If one believes that the intersection of AI and crypto holds great potential, and that AI is expected to drive widespread adoption of crypto, then establishing dedicated benchmarks for the crypto community becomes a top priority. These benchmarks can serve as an important bridge connecting the AI and crypto communities, catalyzing innovation and providing clear guidance for future applications. This effort is more than just a technical exercise; it is a profound reflection on how to understand and shape this emerging digital frontier.

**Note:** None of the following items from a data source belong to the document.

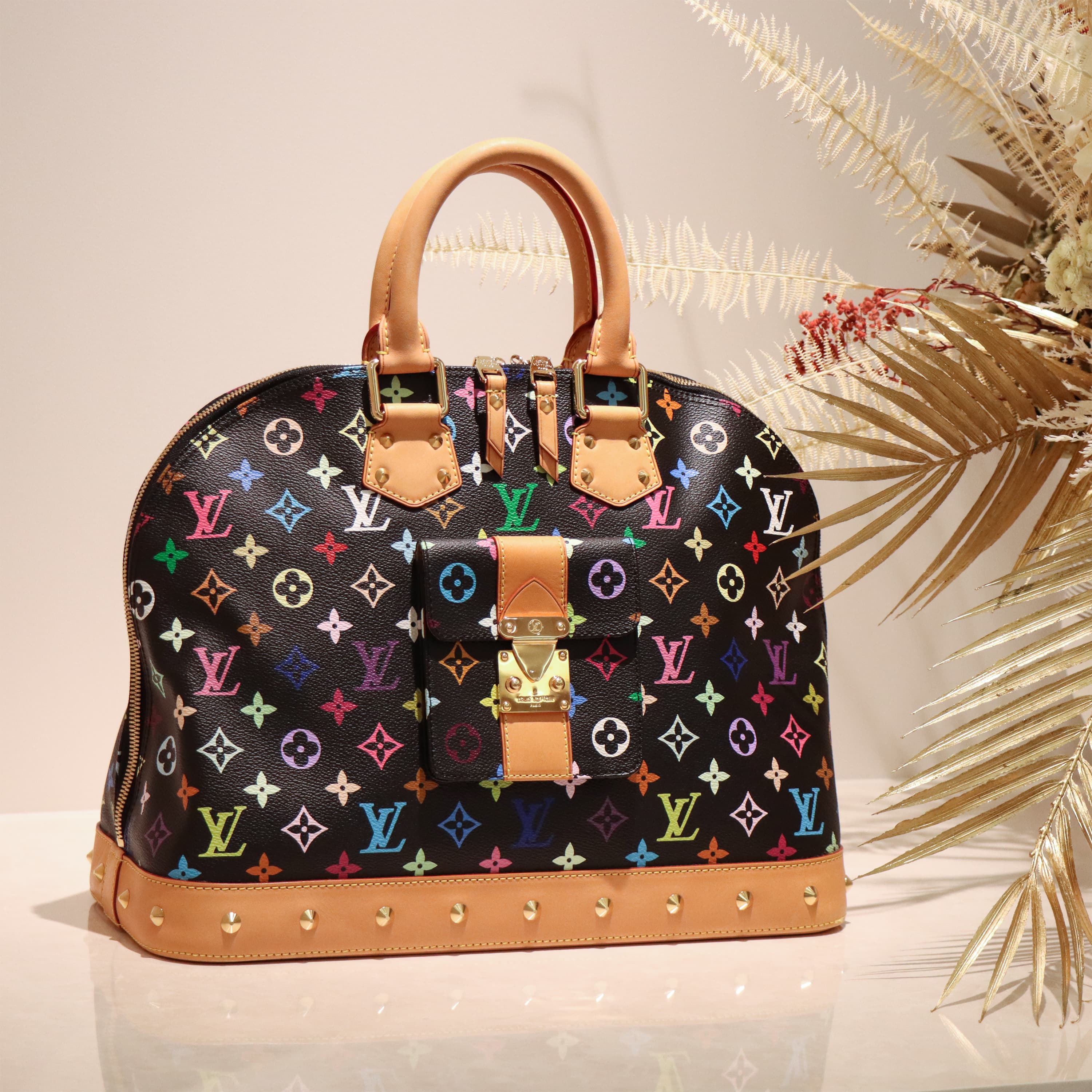 アルマは丸みを帯びた女性らしいフォルムが特徴のバッグです。 こちらのアイテムは、定番モノグラムに3色以上のカラーを配する、ルイ・ヴィトンのアクセサリーデザイン「マルチカラー」を採用しており、ブラックとのコントラストが華やかで、とても可愛らしいデザインです。一見、色合いが派手に感じるかもしれませんが、実際に手に取ってみるとその可愛さの虜になること間違いなし。ルイ・ヴィトンを象徴するスムースレザーのトリミング、ゴールド素材の金具やスタッズがあわさることで、より高級感のあるデザインになっています。気になる収納力ですが、日帰りや1泊程度の小旅行に必要なアイテムを持ち運ぶことが可能です。また、ダブルファスナー開閉式や、底に傷をつきにくくする底鋲など、日常遣いに配慮されたデザインは、普段使いをしたい方に大変おすすめです。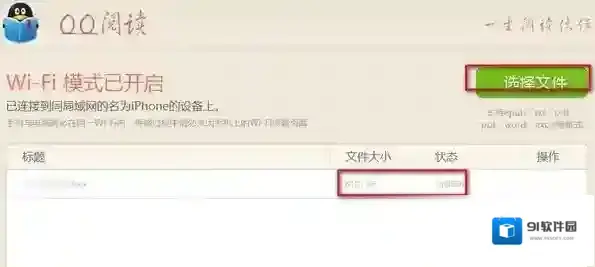 然后,浏览器会进入到QQ阅读Wi-FI模式传书界面,点击右侧“选怎文件”摁钮选中你需要上传的文件就可以立即将你的小说和相关文档长传至QQ阅读浏览。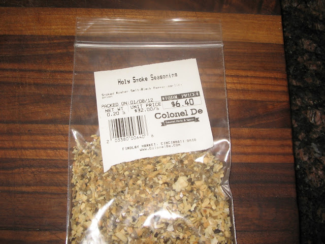 Instead of just using salt and pepper to season the burger, I had some leftover Holy Smoke Seasoning from Colonel De Ray's at Findlay which also had onion and garlic. How could that be bad for the burger?

However, creating such benchmarks is not an easy task. It faces several major challenges: the rapid development of cryptography, its knowledge base is still changing, and there is a lack of consensus on multiple core directions; the interdisciplinary nature of the field, covering cryptography, distributed systems, economics, etc., its complexity far exceeds that of any single field; the need to evaluate not only theoretical knowledge but also the actual ability of AI to leverage cryptography, which requires the design of new evaluation frameworks; it is necessary to ensure that the benchmark tasks remain relevant to real-world applications in DeFi, NFTs, DAOs, and other emerging crypto fields, and the scarcity of relevant datasets further exacerbates the difficulty. Given the scale and complexity of these challenges, it is clear that this is not a task that can be solved alone. The multifaceted nature of the problem requires multiple expertise and perspectives. It requires the joint efforts of the cryptocurrency and AI communities. Only through this collective wisdom can we determine what is truly important in this emerging technological frontier and create benchmarks that accurately reflect the complexity and potential of AI in the cryptocurrency field.
Current Status and Next Steps
The current research framework consists of several key components:
An MVP dataset of about 700 multiple-choice questions, generated by AI and humans, and subsequently verified and refined by human experts. Despite its quality limitations, the dataset enables rapid and automatic testing of models, demonstrates conceptual understanding, and provides a basic scoring mechanism.
A growing set of about 100 complex tasks covering scenarios such as simulation, computation, code auditing, and tool usage. These tasks are contributed by multiple crypto domain experts, adding depth and realism to the evaluation.
In order to establish an effective benchmark, the dataset needs to be significantly expanded and more domain experts need to participate. Developing a suitable automatic evaluation framework for these complex tasks is also a key challenge that needs to be addressed.
In addition, in order for LLM to be able to cope with future real-world task challenges, it is crucial to implement a basic Agent framework. This framework will provide a more realistic testing environment and bridge the gap between theoretical knowledge and practical applications.
The method is being continuously improved, with a focus on increasing the complexity of test cases and expanding the overall dataset. In the spirit of open collaboration, all relevant resources will soon be made public on GitHub, aiming to accelerate progress and invite participation from the broader community.
It is worth noting that this research is still in its early stages. The results should be viewed as preliminary observations and a starting point for further research, rather than definitive conclusions in the rapidly evolving field of artificial intelligence and encryption. The project welcomes contributions from the broader encryption community to help build a more comprehensive and powerful evaluation framework.